The vertical asymptotes are $x = 0$ and $x = \frac{1}{2}$
No slant asymptote
The horizontal asymptote is $y = - \frac{1}{2}$

#### Explanation:

$f \left(x\right) = \frac{{x}^{2} + 1}{x - 2 {x}^{2}} = \frac{{x}^{2} + 1}{x \left(1 - 2 x\right)}$

The domain of $f \left(x\right)$ is ${D}_{f} \left(x\right) = \mathbb{R} - \left\{0 , \frac{1}{2}\right\}$

As we cannot divide by $0$, $x \ne 0$ and $x \ne \frac{1}{2}$

The vertical asymptotes are $x = 0$ and $x = \frac{1}{2}$

As the degree of the numerator $=$ to the degree of the denominator, there is no slant asymptote.

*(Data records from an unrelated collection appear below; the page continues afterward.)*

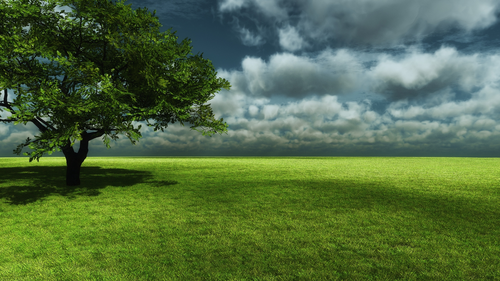 Description: A tree in a field with a cloudy sky in the background and a green field with grass and trees.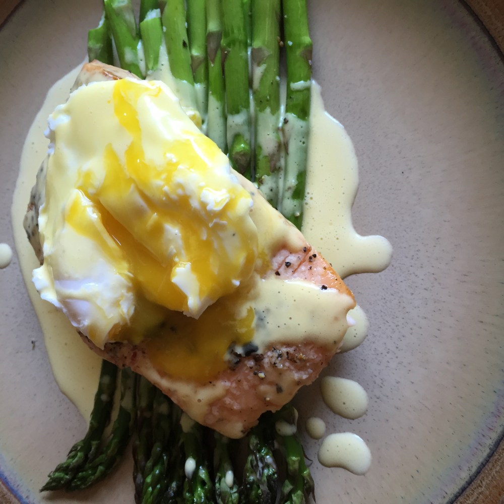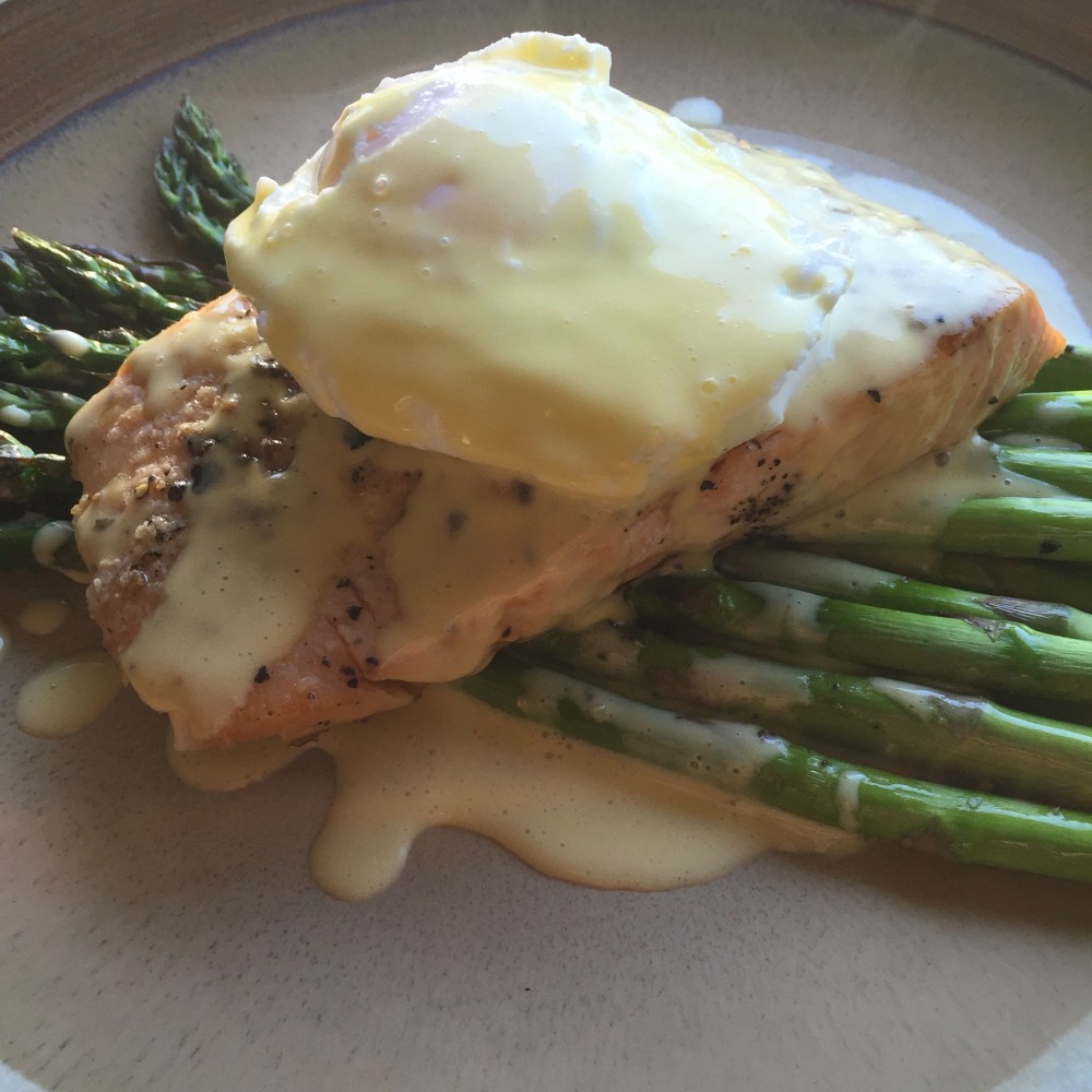 On the plate I laid out the asparagus, removed the skin from the salmon and placed the fish on the asparagus, topped that with a poached egg, and drizzled hollandaise all over everything. Yummy!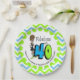 Fabuloso em 40 placas de papel do aniversário de 40 anos, uma grande adição à celebração do aniversário de 40 anos, características uma senhora de cabelo triguenha em um vestido preto e umas botas verdes, preto, azul, e texto do verde limão que lê fabuloso em 40, uma área que você pode personalizar com sua mensagem especial ou lhe agradecer notar, e uma borda decorativa verde da listra do anel e da viga de azul, de verde, e o branco!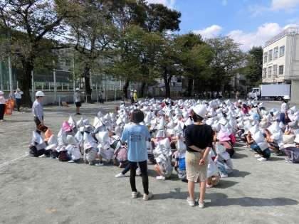 地震を想定した避難訓練が行われました。学校公開期間で参観されていた保護者の方にも参加いただきました。ご協力ありがとうございました。

We must calculate the limits as $x \to \pm \infty$, we take the terms of highest degree in the numerator and the denominator

${\lim}_{x \to \pm \infty} f \left(x\right) = {\lim}_{x \to \pm \infty} {x}^{2} / \left(- 2 {x}^{2}\right) = {\lim}_{x \to \pm \infty} - \frac{1}{2} = - \frac{1}{2}$

The horizontal asymptote is $y = - \frac{1}{2}$

graph{(y-(x^2+1)/(x(1-2x)))(y+1/2)=0 [-28.86, 28.85, -14.43, 14.46]}